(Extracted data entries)
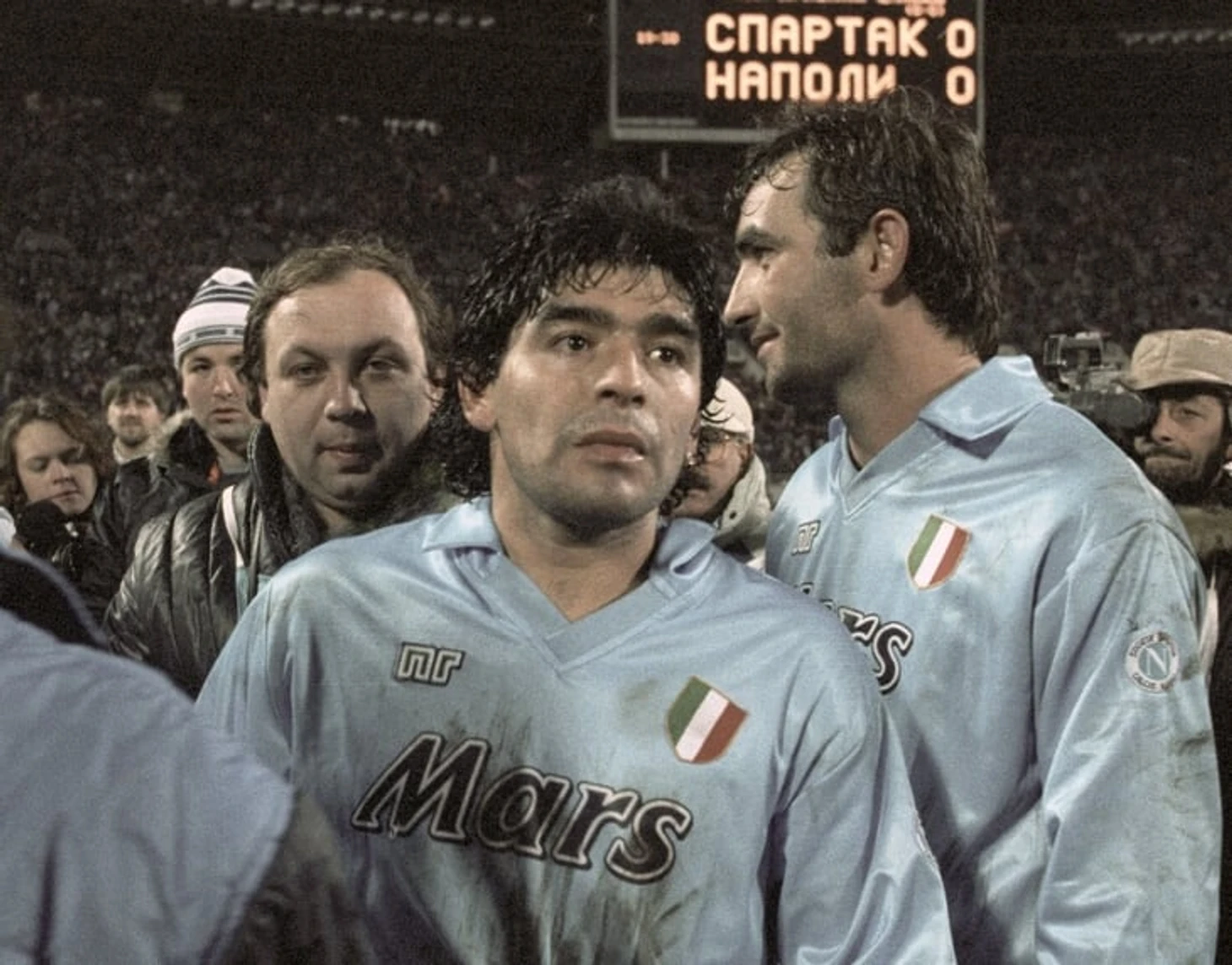 Красная площадь была огорожена, пройти туда было невозможно, и Марадону охранники не узнали. Но рядом с Марадоной оказались итальянские журналисты, они начали обсуждать: «Марадона, Марадона!» Охранники услышали – Марадона? И пустили Марадону вместе с женой на Красную площадь – и он в два часа ночи там погулял. На следующий день он не планировал, что его выпустят на матч, но, учитывая проблемы с составом «Наполи», его посадили на скамейку, потом пришлось и выпустить, а затем в серии пенальти он еще и забил Станиславу Саламовичу Черчесову. И такое было в карьере Марадоны.
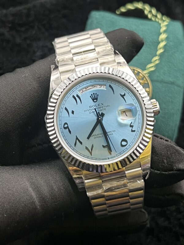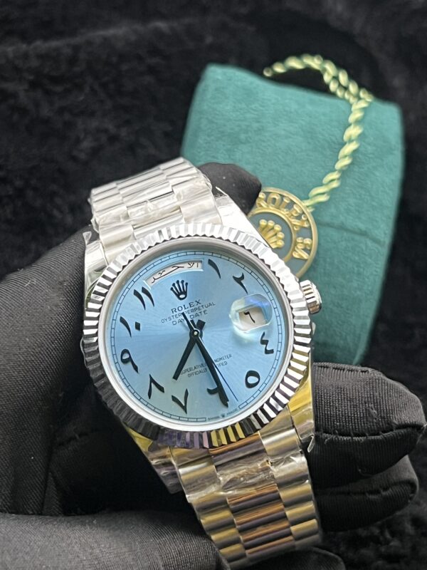 Be the first to review “Rolex Platinum Ice Blue Arabic Day-Date 40 mm” Cancel reply
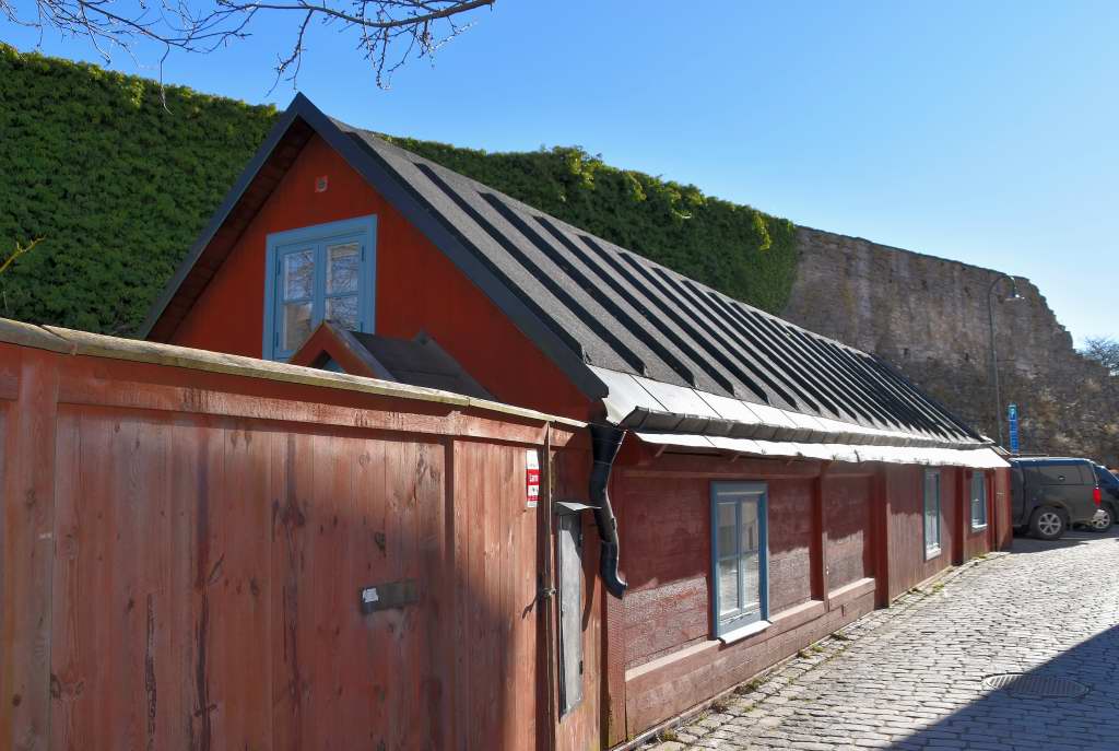Trästugan är från 1600-talet. Tornet bakom i Landmuren har inget namn. Men kanske minns du att Ringmuren stod klar 1288.
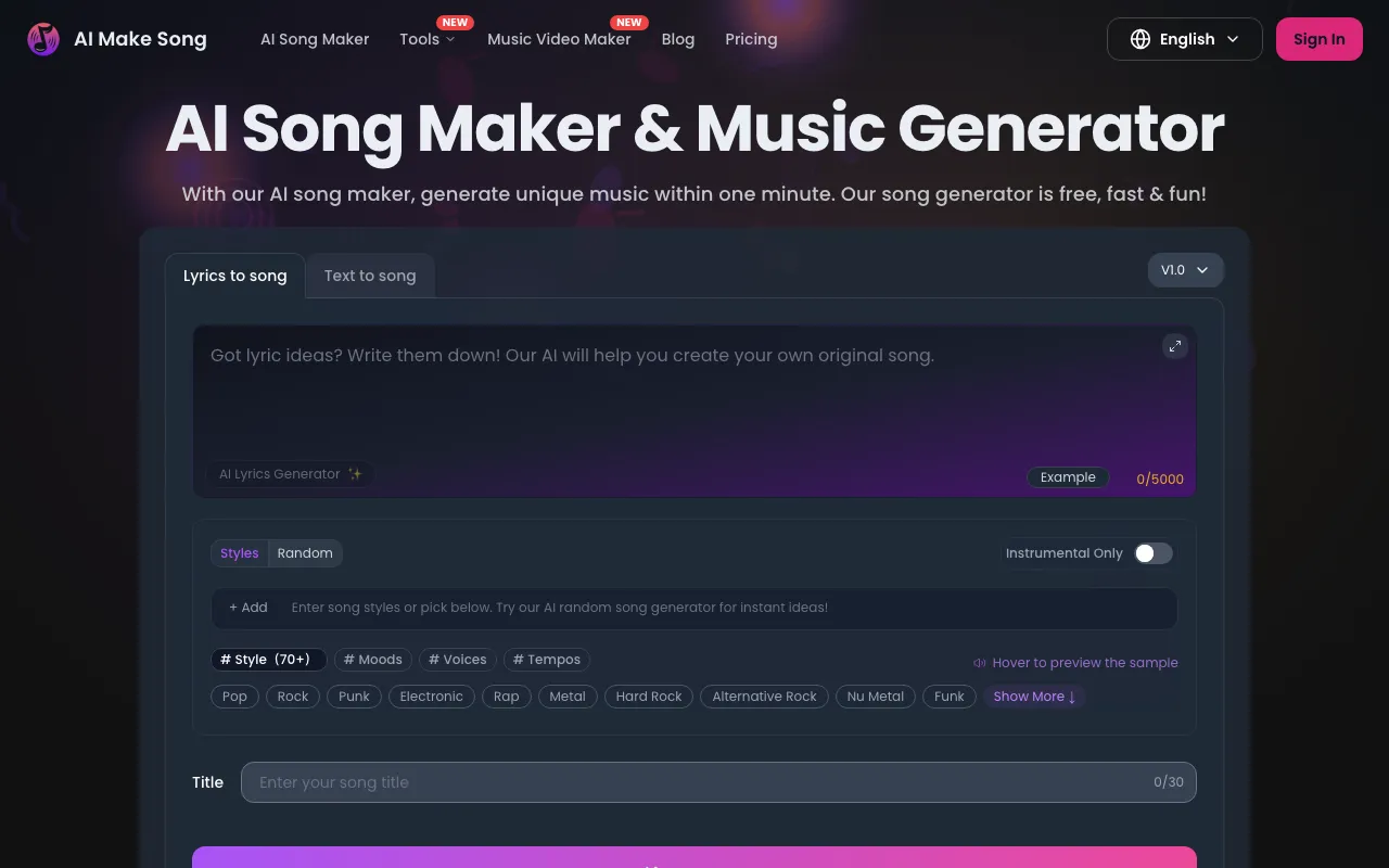 AI Make Song is an all-in-one AI music production platform designed to make music creation fast, fun, and accessible for everyone. Whether you are a content creator, game developer, or just having fun, this tool allows you to transform simple text descriptions or written lyrics into full, original tracks across over 70 genres—from Pop and Rock to Electronic and Rap.
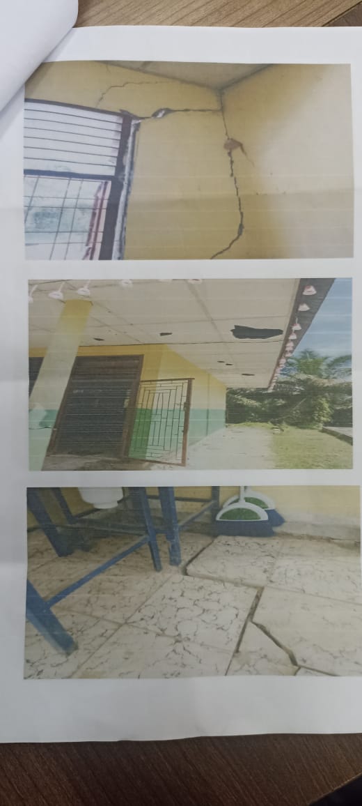 Ia juga menerangkan kerusakan bangunan sekolah akibat terjadi musibah pergeseran tanah/tanah bergerak. Kini kondisinya sangat memperhatikan, bahkan para murid dan guru harus buang air kecil dibawah pohon sawit akibat kamar mandi yang juga rusak.
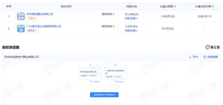 项目的建设单位为苏州铂润房地产置业有限公司,则是,惠润置业和星河湾联合开发。
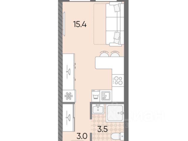 • Угловая кухня-гостиная 18,4 м² с тремя окнами — редкое и невероятно ценное преимущество. Представьте: утреннее солнце в одной части комнаты, вечернее — в другой. Это пространство, наполненное светом и воздухом, где можно организовать и кухонный остров, и обеденную группу, и зону отдыха с видом на квартал.
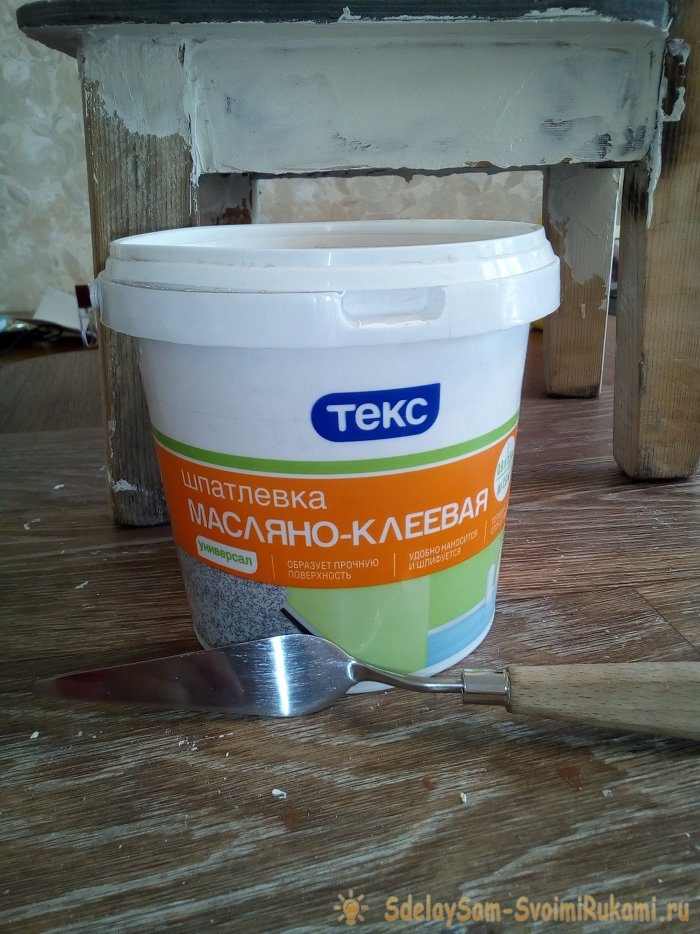Когда клей хорошо просох, я промазала все неровности и отколы шпатлевкой. У меня она масляно-клеевая.

What you are asked to do> All records above are to be output verbatim, with their pictures omitted.

Your response>
 Красная площадь была огорожена, пройти туда было невозможно, и Марадону охранники не узнали. Но рядом с Марадоной оказались итальянские журналисты, они начали обсуждать: «Марадона, Марадона!» Охранники услышали – Марадона? И пустили Марадону вместе с женой на Красную площадь – и он в два часа ночи там погулял. На следующий день он не планировал, что его выпустят на матч, но, учитывая проблемы с составом «Наполи», его посадили на скамейку, потом пришлось и выпустить, а затем в серии пенальти он еще и забил Станиславу Саламовичу Черчесову. И такое было в карьере Марадоны.
 Be the first to review “Rolex Platinum Ice Blue Arabic Day-Date 40 mm” Cancel reply
Trästugan är från 1600-talet. Tornet bakom i Landmuren har inget namn. Men kanske minns du att Ringmuren stod klar 1288.
 AI Make Song is an all-in-one AI music production platform designed to make music creation fast, fun, and accessible for everyone. Whether you are a content creator, game developer, or just having fun, this tool allows you to transform simple text descriptions or written lyrics into full, original tracks across over 70 genres—from Pop and Rock to Electronic and Rap.
 Ia juga menerangkan kerusakan bangunan sekolah akibat terjadi musibah pergeseran tanah/tanah bergerak. Kini kondisinya sangat memperhatikan, bahkan para murid dan guru harus buang air kecil dibawah pohon sawit akibat kamar mandi yang juga rusak.
 项目的建设单位为苏州铂润房地产置业有限公司,则是,惠润置业和星河湾联合开发。
 • Угловая кухня-гостиная 18,4 м² с тремя окнами — редкое и невероятно ценное преимущество. Представьте: утреннее солнце в одной части комнаты, вечернее — в другой. Это пространство, наполненное светом и воздухом, где можно организовать и кухонный остров, и обеденную группу, и зону отдыха с видом на квартал.
Когда клей хорошо просох, я промазала все неровности и отколы шпатлевкой. У меня она масляно-клеевая.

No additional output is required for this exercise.